* _YOUR GOAL_
Leave the pictures out, and transcribe the material below exactly from the line with "Prataprao Jadhav (MP, SS)" to the line with "截止到2023年5月31日,理想汽車?y", both lines included.

* _DATA SECTION_
----------

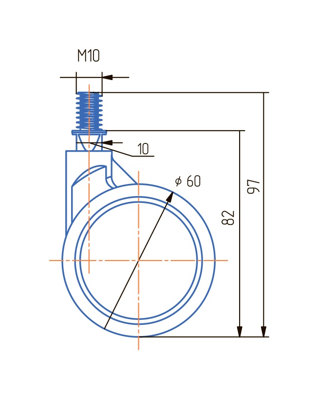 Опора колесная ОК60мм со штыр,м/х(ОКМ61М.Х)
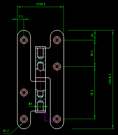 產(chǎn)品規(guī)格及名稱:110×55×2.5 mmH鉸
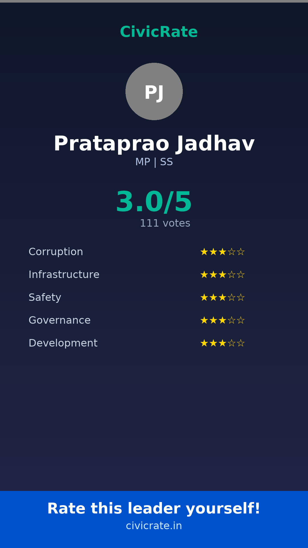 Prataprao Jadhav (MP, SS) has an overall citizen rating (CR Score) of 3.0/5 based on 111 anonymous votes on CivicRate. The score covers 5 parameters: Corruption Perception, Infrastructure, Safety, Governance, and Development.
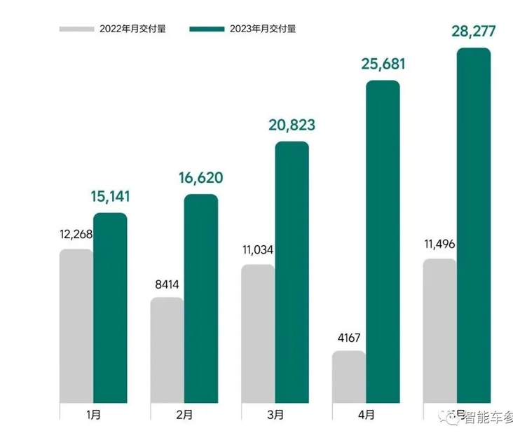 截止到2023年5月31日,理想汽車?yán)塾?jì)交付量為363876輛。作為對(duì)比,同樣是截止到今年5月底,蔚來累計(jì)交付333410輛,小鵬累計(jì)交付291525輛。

----------

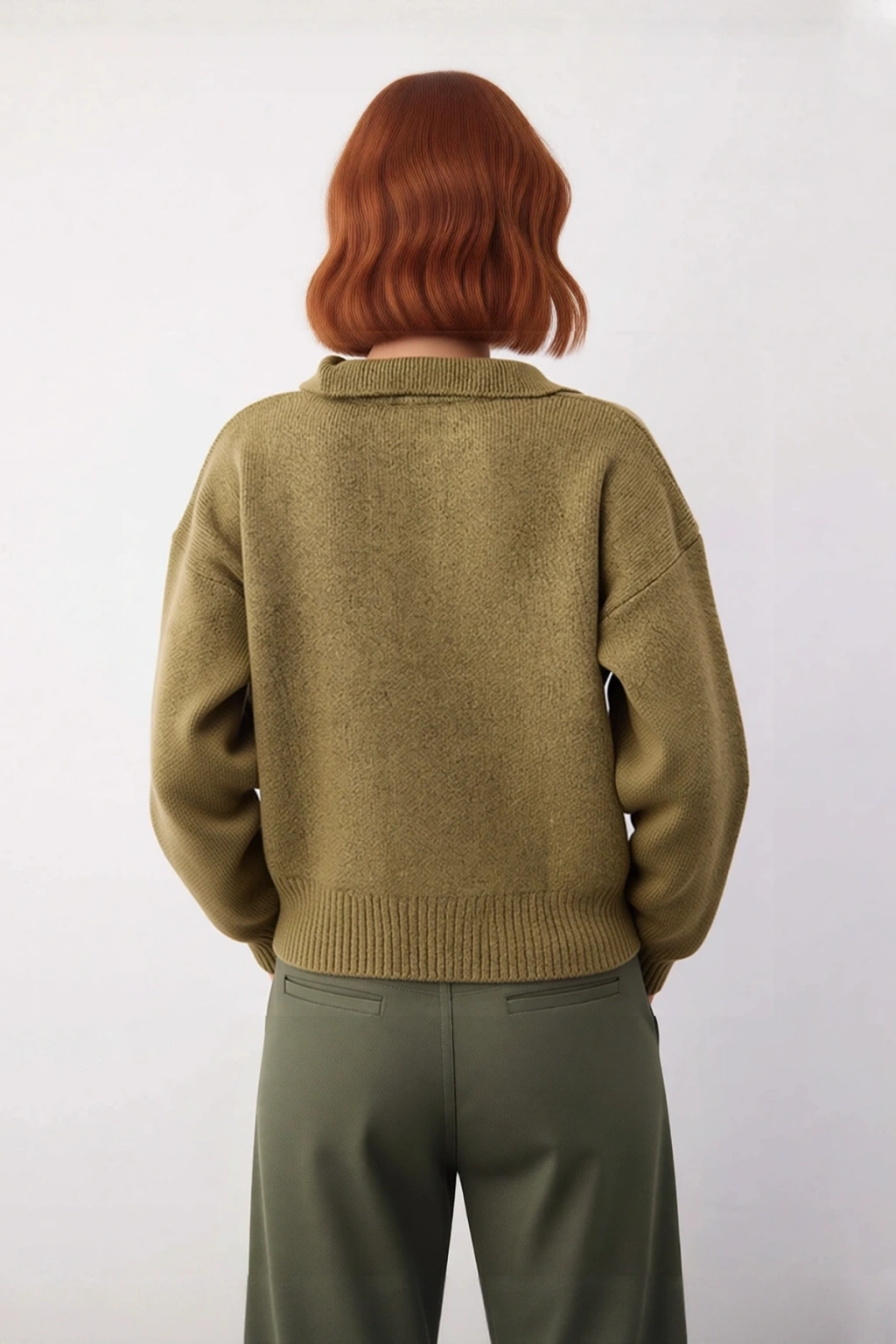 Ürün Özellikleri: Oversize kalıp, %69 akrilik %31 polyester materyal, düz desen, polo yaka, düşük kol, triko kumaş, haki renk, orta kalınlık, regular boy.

----------

* _RESULT OF THE EXERCISE_
 Prataprao Jadhav (MP, SS) has an overall citizen rating (CR Score) of 3.0/5 based on 111 anonymous votes on CivicRate. The score covers 5 parameters: Corruption Perception, Infrastructure, Safety, Governance, and Development.
 截止到2023年5月31日,理想汽車?yán)塾?jì)交付量為363876輛。作為對(duì)比,同樣是截止到今年5月底,蔚來累計(jì)交付333410輛,小鵬累計(jì)交付291525輛。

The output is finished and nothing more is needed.